■ Given data:
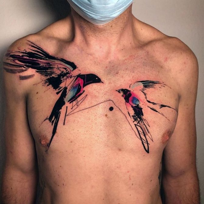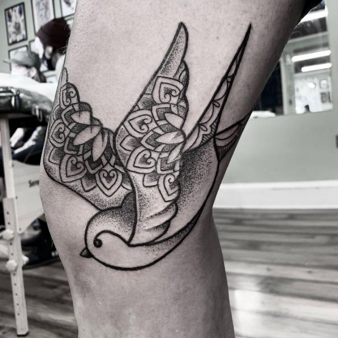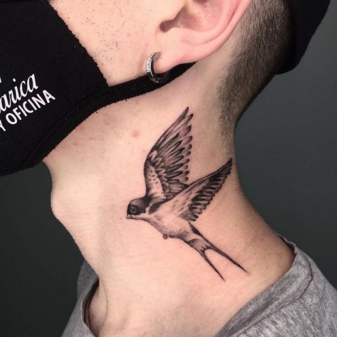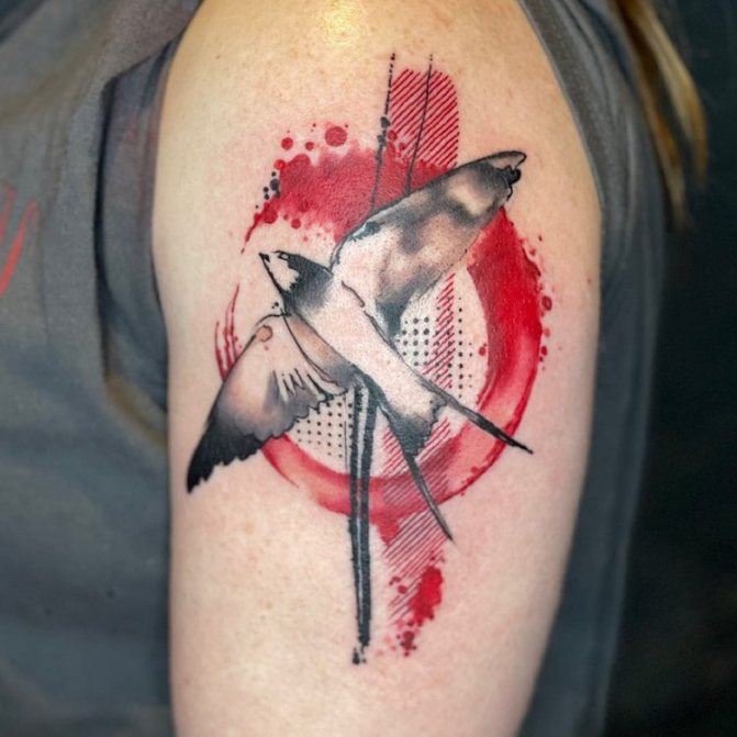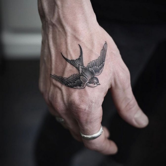 Tatuarse un pájaro golondrina significa juventud, prosperidad y buena suerte. También para las mujeres una golondrina simboliza la maternidad, la continuación de una familia, el cuidado de la posteridad. Tatuajes similares se colocan en la clavícula o el omóplato de los jóvenes.
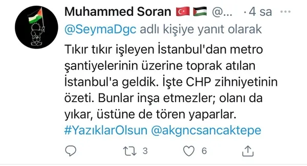 AK Parti Sancaktepe İlçe Gençlik Kolları Yönetim Kurulu Üyesi ve Tanıtım Medya Başkan Yardımcısı Muhammed Soran ise "Tıkır tıkır işleyen İstanbul'dan metro şantiyelerinin üzerine toprak atılan İstanbul'a geldik. İşte CHP zihniyetinin özeti. Bunlar inşa etmezler; olanı da yıkar, üstüne de tören yaparlar" yorumunu yaptı.
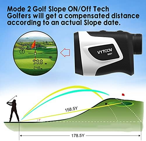 4 RANGING MODES: VYTOOV Golf Range finders with 4 Modes; Mode 1(Tournament Legal) Continuous Scan, Flag-Lock; Mode 2(Slope Tech + Angle + Flag-lock + Jolt Tech), Mode 3: Horizontal Distance Measurement + Vertical Distance Mearsurement, Mode 4:Speed Mode.This golf rangefinder adopts advanced slope tech suitable for Golf. Best Gift for Golfer.
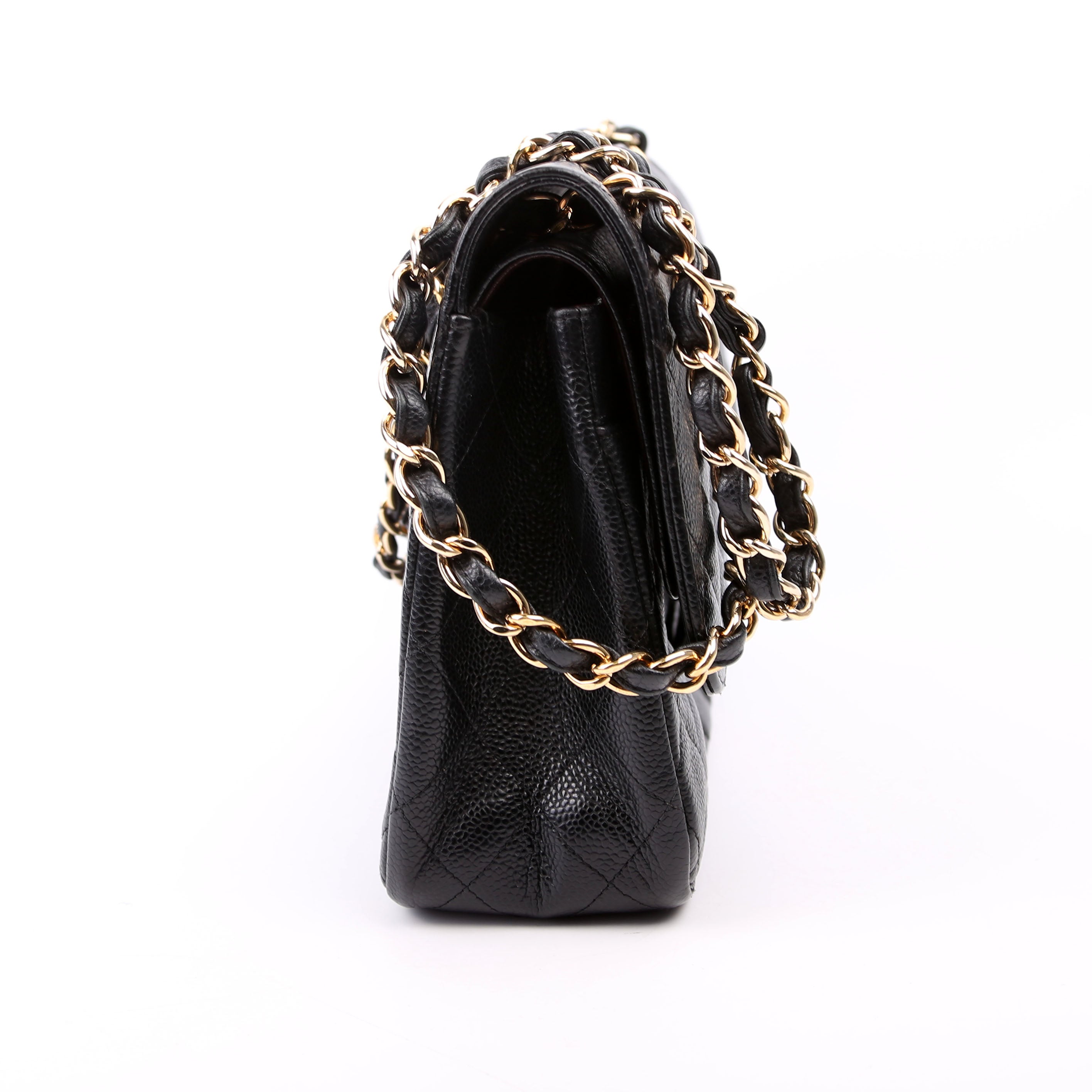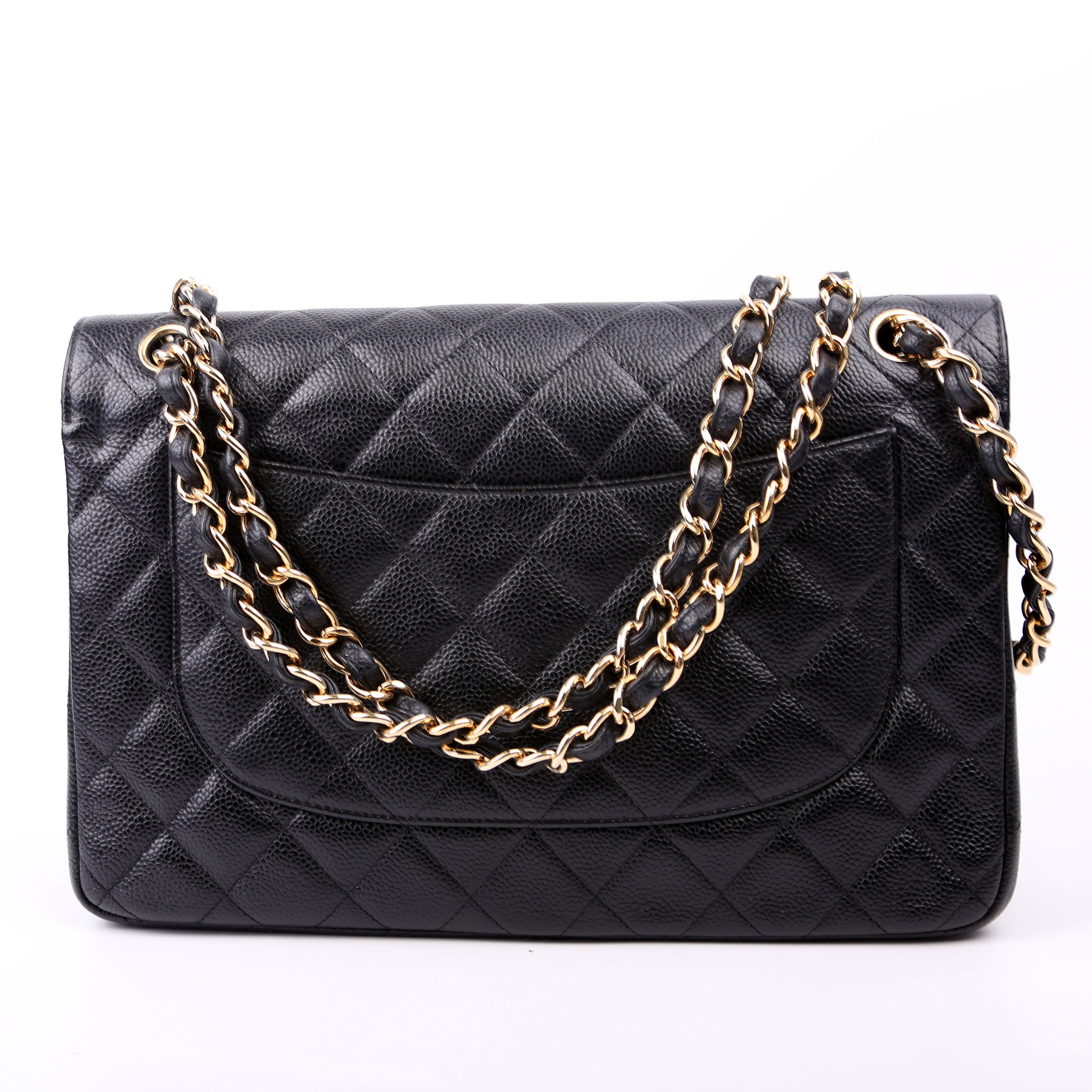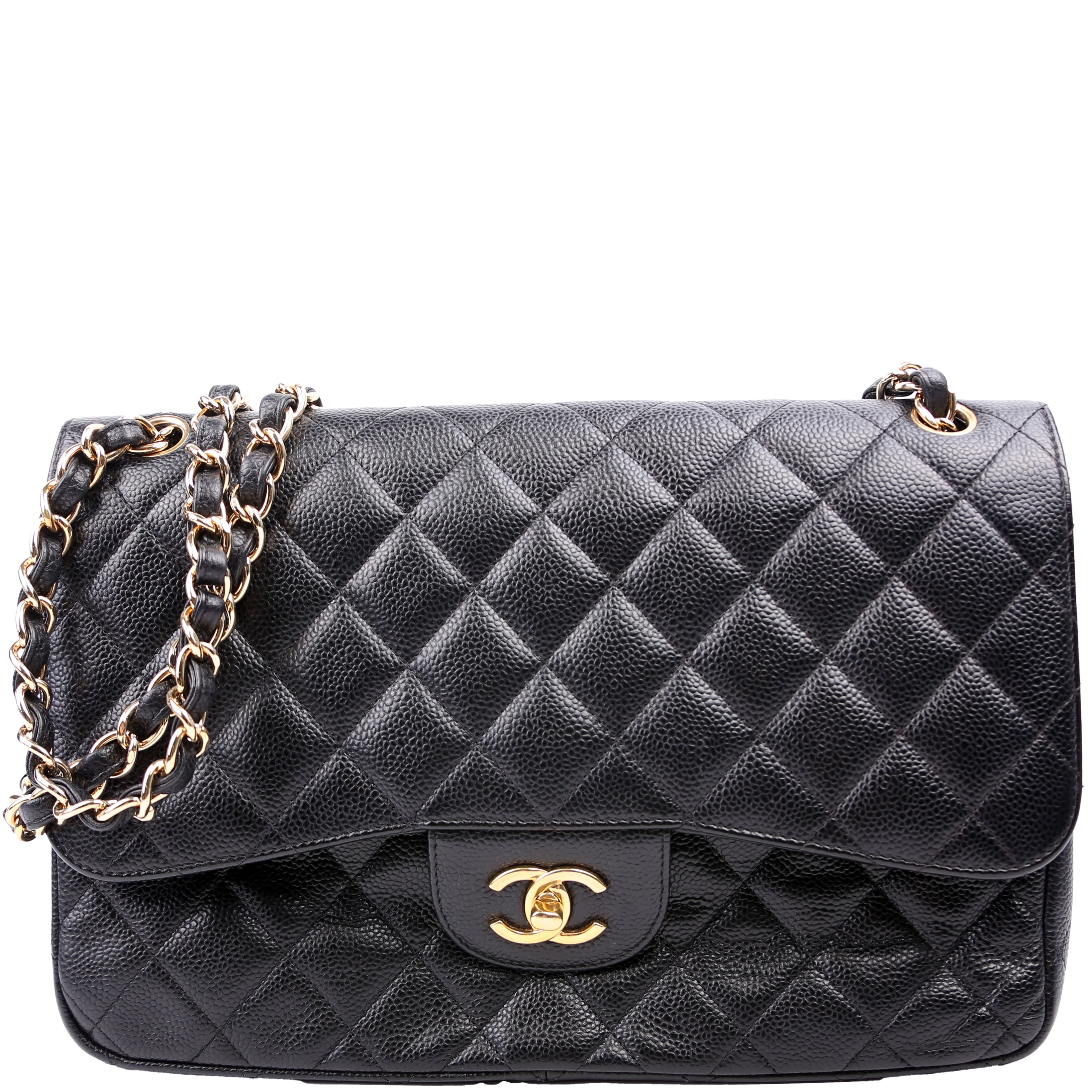 Chanel Classic Flap Jumbo. The exterior is in the classic Chanel Caviar leather. Â

■ Exercise: The whole listing, pictures excluded, should be output exactly.

■ Your response:
 Tatuarse un pájaro golondrina significa juventud, prosperidad y buena suerte. También para las mujeres una golondrina simboliza la maternidad, la continuación de una familia, el cuidado de la posteridad. Tatuajes similares se colocan en la clavícula o el omóplato de los jóvenes.
 AK Parti Sancaktepe İlçe Gençlik Kolları Yönetim Kurulu Üyesi ve Tanıtım Medya Başkan Yardımcısı Muhammed Soran ise "Tıkır tıkır işleyen İstanbul'dan metro şantiyelerinin üzerine toprak atılan İstanbul'a geldik. İşte CHP zihniyetinin özeti. Bunlar inşa etmezler; olanı da yıkar, üstüne de tören yaparlar" yorumunu yaptı.
 4 RANGING MODES: VYTOOV Golf Range finders with 4 Modes; Mode 1(Tournament Legal) Continuous Scan, Flag-Lock; Mode 2(Slope Tech + Angle + Flag-lock + Jolt Tech), Mode 3: Horizontal Distance Measurement + Vertical Distance Mearsurement, Mode 4:Speed Mode.This golf rangefinder adopts advanced slope tech suitable for Golf. Best Gift for Golfer.
 Chanel Classic Flap Jumbo. The exterior is in the classic Chanel Caviar leather. Â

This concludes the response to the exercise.